Using the material below, print the line that contains "O filho de Bolsonaro", the line that contains "Одежды Богоматери и", and every line in between, exactly and nothing else.

- Entries shown
--- START ---
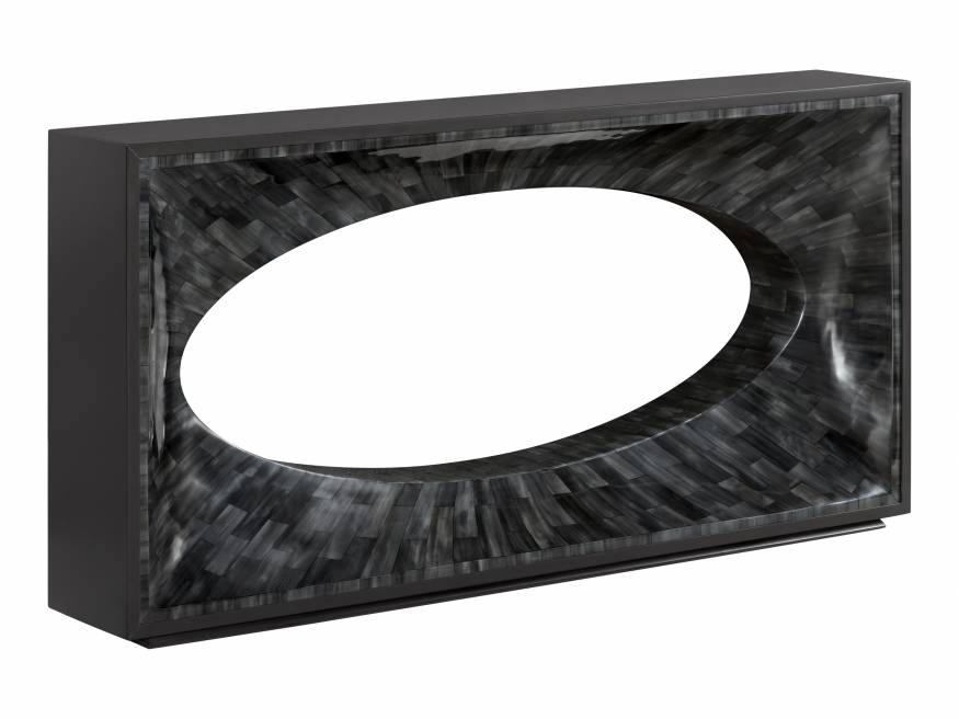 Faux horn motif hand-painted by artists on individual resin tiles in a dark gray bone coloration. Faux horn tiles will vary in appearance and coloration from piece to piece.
--- END ---
--- START ---
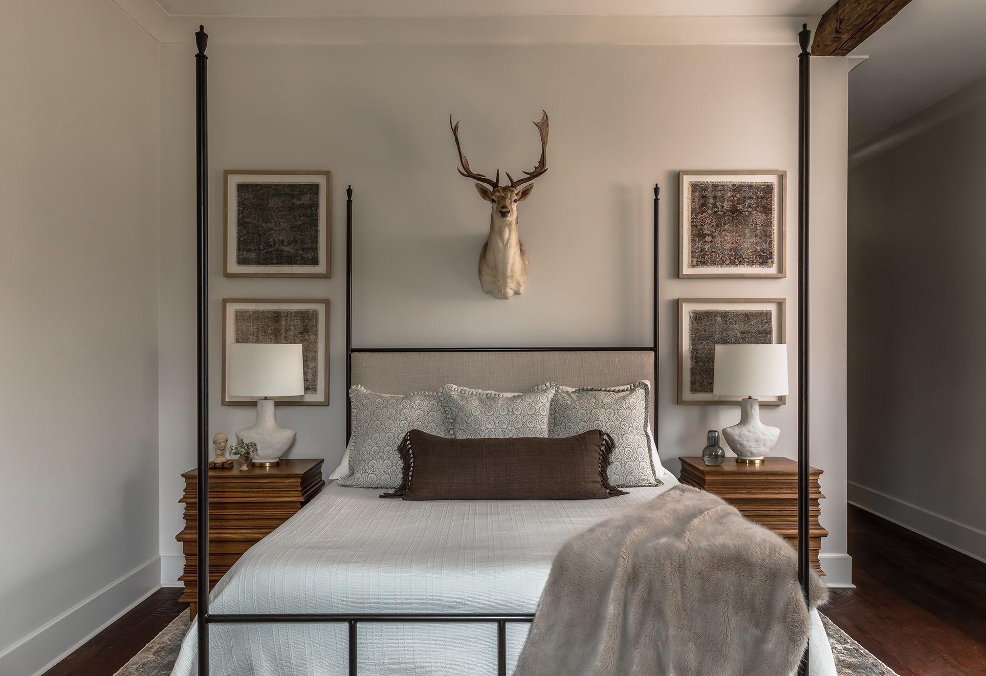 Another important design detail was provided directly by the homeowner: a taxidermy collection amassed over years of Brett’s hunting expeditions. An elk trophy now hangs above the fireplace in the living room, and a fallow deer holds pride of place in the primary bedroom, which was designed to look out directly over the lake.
--- END ---
--- START ---
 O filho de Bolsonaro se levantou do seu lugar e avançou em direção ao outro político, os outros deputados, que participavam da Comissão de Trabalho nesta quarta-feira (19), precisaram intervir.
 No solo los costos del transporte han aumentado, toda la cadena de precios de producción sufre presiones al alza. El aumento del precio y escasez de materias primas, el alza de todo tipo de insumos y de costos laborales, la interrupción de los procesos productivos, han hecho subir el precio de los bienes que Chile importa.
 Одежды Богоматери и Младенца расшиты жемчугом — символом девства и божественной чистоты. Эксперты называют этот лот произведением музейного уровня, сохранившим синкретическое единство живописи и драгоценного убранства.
--- END ---
- Response to this task
 O filho de Bolsonaro se levantou do seu lugar e avançou em direção ao outro político, os outros deputados, que participavam da Comissão de Trabalho nesta quarta-feira (19), precisaram intervir.
 No solo los costos del transporte han aumentado, toda la cadena de precios de producción sufre presiones al alza. El aumento del precio y escasez de materias primas, el alza de todo tipo de insumos y de costos laborales, la interrupción de los procesos productivos, han hecho subir el precio de los bienes que Chile importa.
 Одежды Богоматери и Младенца расшиты жемчугом — символом девства и божественной чистоты. Эксперты называют этот лот произведением музейного уровня, сохранившим синкретическое единство живописи и драгоценного убранства.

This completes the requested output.